The company was founded in 1996 when co-founder Carol Willoughby had her service dog privately trained and realized that the costs were not something many families could easily afford. Today Saint Francis Service Dogs is the largest service dog organization in Virginia and is accredited by Assistance Dogs International.

Willoughby was diagnosed with rheumatoid arthritis at the age of 22.

“We literally started [the organization] around her kitchen table,” says Deborah Duerk, office manager. “We have now grown into a much longer organization, but the things that were important to us back then - offering really personal attention and being able to offer that at a very small cost to our partners – those things continue to be just as important.”

Applicants to the program are required to pay a nominal $25 application fee. St Francis partners are asked to pay about $200 for the equipment they receive when they officially take ownership of the dog. The equipment includes a crate, vest, leash, and collar.

It takes two years and about $25,000 to train each dog they place, but the non-profit organization doesn’t pass the expenses for that along to its partners. Residents of Virginia and those who live within a three-hour radius of the Saint Francis Service Dogs facility in Roanoke, are eligible to apply.

“We do not, have never, and will never pass that charge along to the partners,” said Duerk.

Most commonly, the dogs are trained to help their partners with an abundance of daily tasks. They are trained to assist with seemingly simple tasks that are sometimes difficult or impossible for the disabled - picking items up, opening and closing doors, retrieving the phone, and turning lights on and off. They are also trained to go for help in an emergency. For many of their partners, the dogs instill a sense of independence not otherwise possible.

A recent change to the federal Americans with Disabilities Act (March 15, 2011) limits the federal definition of a service animal to a dog. Virginia law, however, is broader and allows for the inclusion of any animal trained to assist a person with a disability.

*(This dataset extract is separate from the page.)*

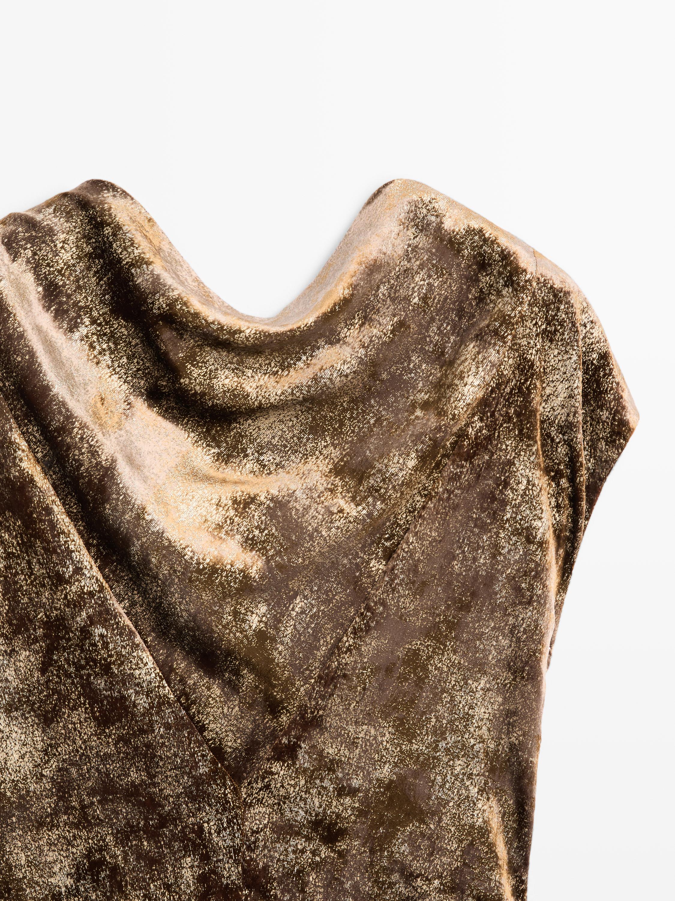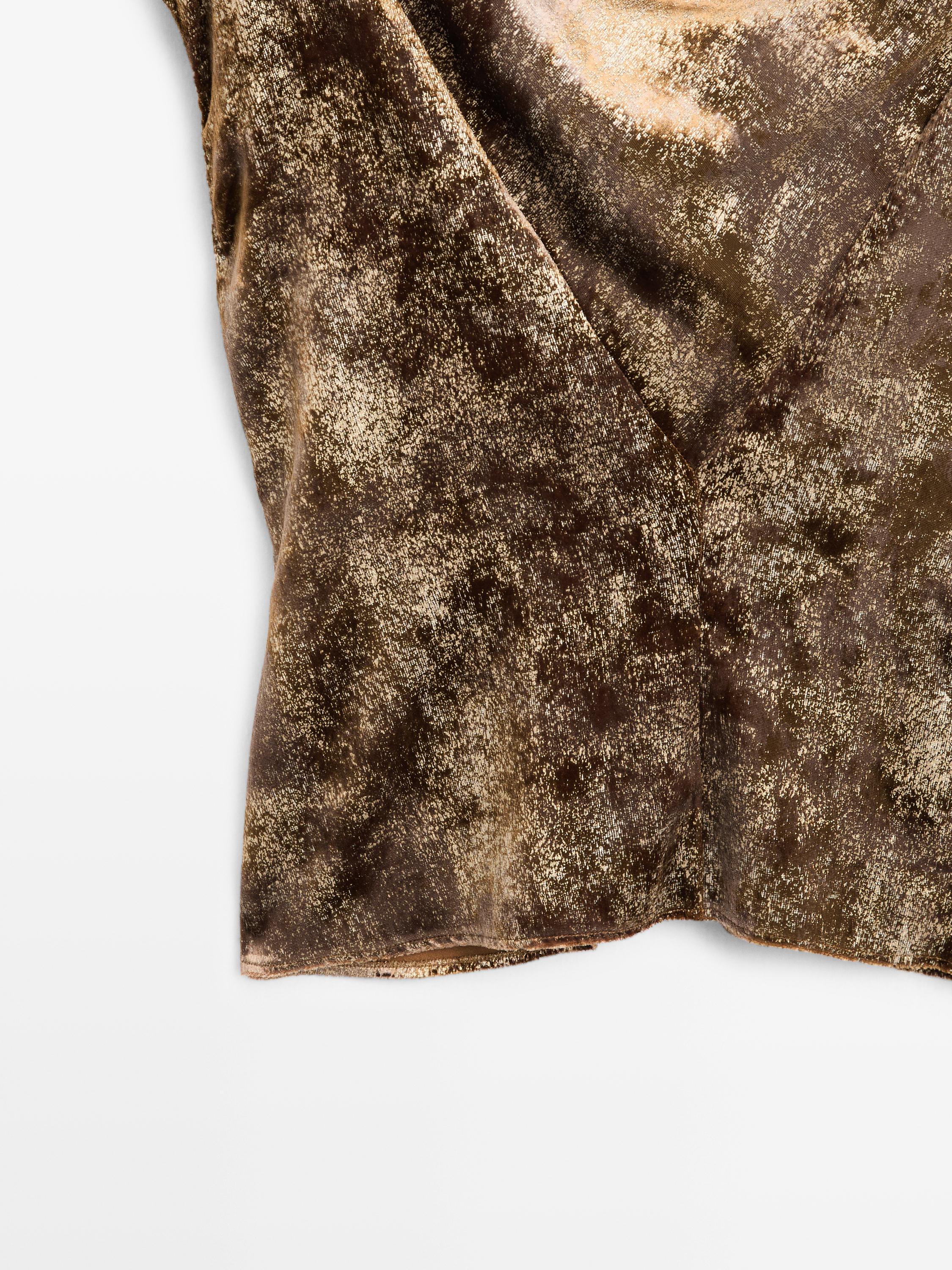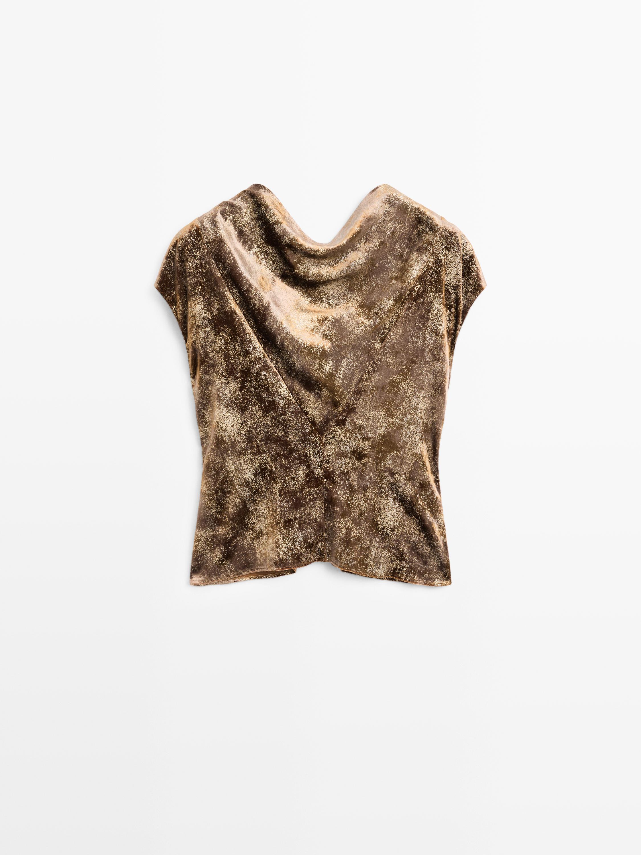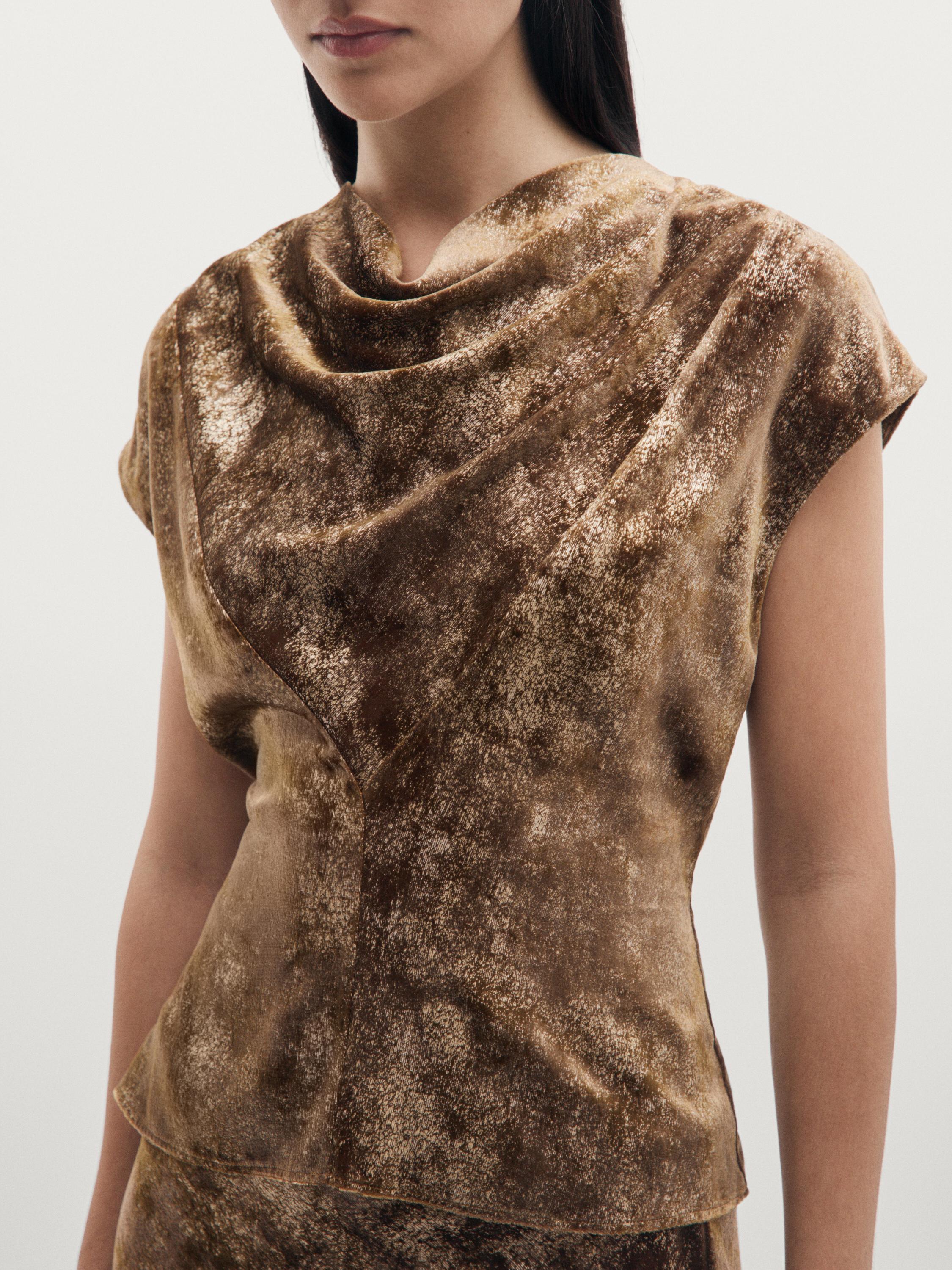 Топ с драпированным воротником из струящейся ткани. Без рукавов. Бархатная ткань. Металлическая отделка. Застежка-молния сзади.

Perhaps due to the increasing demand for service dogs, people across the country are turning to less conventional animals for everyday tasks. Although rare, goats are said to help those with muscular dystrophy and parrots those with psychosis. Monkeys are being trained to help adults with quadriplegia and agoraphobia and dozens of other animals are being placed into homes and workplaces to help with anxiety, including cats, ferrets, pigs, at least one iguana, and a duck.

No matter what type of animal it is, temperament and training are instrumental when it comes to finding the right service animal.

“Being a service dog takes a very special dog,” said Marilyn Wilson, the puppy program administrator at Saint Francis. “They are exposed to so much and have to be able to handle all kinds of situations, including crowds, traveling, and [lots of] different environments.” 

The Saint Francis training program is detailed, comprehensive, and designed specifically for Saint Francis service dogs. The program is administered by a team of four on-staff professional dog trainers and several field trainers.

Most service dogs are golden retrievers and labrador retrievers; however, Saint Francis has had much success placing dogs of many different breeds. Their on-staff trainers work with the dogs from the time they are about seven weeks old when they join the program until they are at least two years old and get a partner. The training includes various levels of socialization and obedience training that involves fun activities and games. After learning the more advanced skills, they begin to learn the various tasks that their partners will come to rely on them for.

If you, or someone you know, is interested in applying for a service dog, you can find a list of facilities accredited by Assistance Dogs International, Inc. at www.assistancedogsinternational.org. A list of other non-traditional service animals is harder to come by though. Those placements typically come from private training situations.